Abstract

BACKGROUND: The Epstein-Barr virus (EBV) is a human DNA herpesvirus that causes worldwide spread. Primary infection of EBV in early childhood is often subclinical, and more than 90% of children older than five years of ages are seropositive for EBV in Korea. Two types of EBV have been described which differ in their geographical distributions and associated diseases. Variable diseases including many malignancies are associated with EBV infections. And the pathogenesis of EBV associated diseases are very complicated. To study EBV typing in EBV associated diseases could be the first step to find out the pathogenesis of EBV associated diseases, and to confirm the altered reactivation and typing of EBV under various disease conditions may be indirectly helpful to understand the pathogenesis of EBV associated diseases. In this aspect, we performed this study.
METHODS
The study group included 90 children (age range 1 to 15 years) with febrile illness and malignancies who had serologic evidence of previous EBV infection. Sixty-two cases of the study group had febrile illness and 28 cases had malignancies. Febrile illness groups were classified into bacterial infection, non-bacterial infection and Kawasaki disease. The control group included 62 healthy children in the range of 5 to 15 years of age. Mouth washing samples were taken and two types, EBV A and B were identified by using one-step PCR. B95-8 cells (type A) and Jijoye cells (type B) were used as positive controls, and K-562 cells was used as a negative control.
RESULTS
The results were as follows; Eleven (17.7%) of the 62 healthy children had EBV DNA in throat washings : of these, 8 (72.7%) were shedding type A virus, and 3 (27.3%) type B. EBV was detected in 12 (57%) of the 21 patients with bacterial infection : 7 (58.3%) had A type, 2 (16.7%) B type, and 3 (25%) both types. 23 (79.3%) of the 29 patient with non-bacterial infection had EBV DNA in throat washing: of these, 15 (65.2%) had A type, 4 (17.4%) B type, and 4 (17.4%) both types. Two (16.7%) of the 12 patients with Kawasaki disease had EBV DNA in throat washing; all of them were type A. EBV was detected in 15 of the 28 children with malignancies : 11 (73.3%) had only type A, 2 (13.3%) type B, and 2 (13.3%) both types.
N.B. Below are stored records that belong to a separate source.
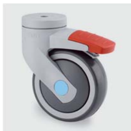
5387 Swivel castor with total lock
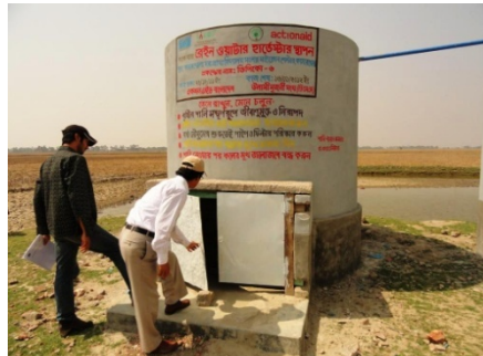
Rain Water harvester for safe water supply
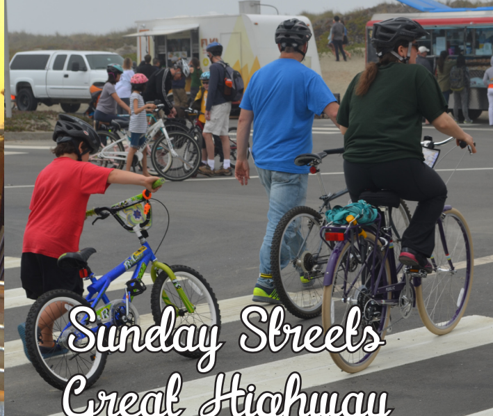
Sunday Streets Great Highway

Overall, the seropositive rate of study group was significantly higher than that of control group. But, there was no significant difference in seropositive rate between febrile illness and malignancies. Both the seropositive rates in the bacterial infection and non-bacterial infection groups were significantly higher than that of Kawasaki disease group (respectively P<0.001, P<0.001).
CONCLUSION
We have the facts and suggestions as followings; We reconfirm that type A EBV is highly dominant and no mixed infection in Korean healthy children. The EBV excretion rate in children with febrile illness or malignancies was about 3-fold higher than that in healthy children, and coinfection with type A and B was seen in both study group. These results suggest that EBV reactivation may be increased in the status of immunologic alteration, induced by diseases. By contrast, EBV reactivation may not be found in certain acute febrile illness like Kawasaki disease, in which immunologic alteration to reactivate EBV is not induced. We think that this study may provide the basis to figure out the pathogenesis of EBV associated diseases. But, The outcome of this study is incomplete and indirect to understand the host immune responses to EBV and pathognomic role according to EBV types. So, further large scaled studies of EBV subtyping using variable methods will be needed to investigate the pathogenesis of EBV associated diseases.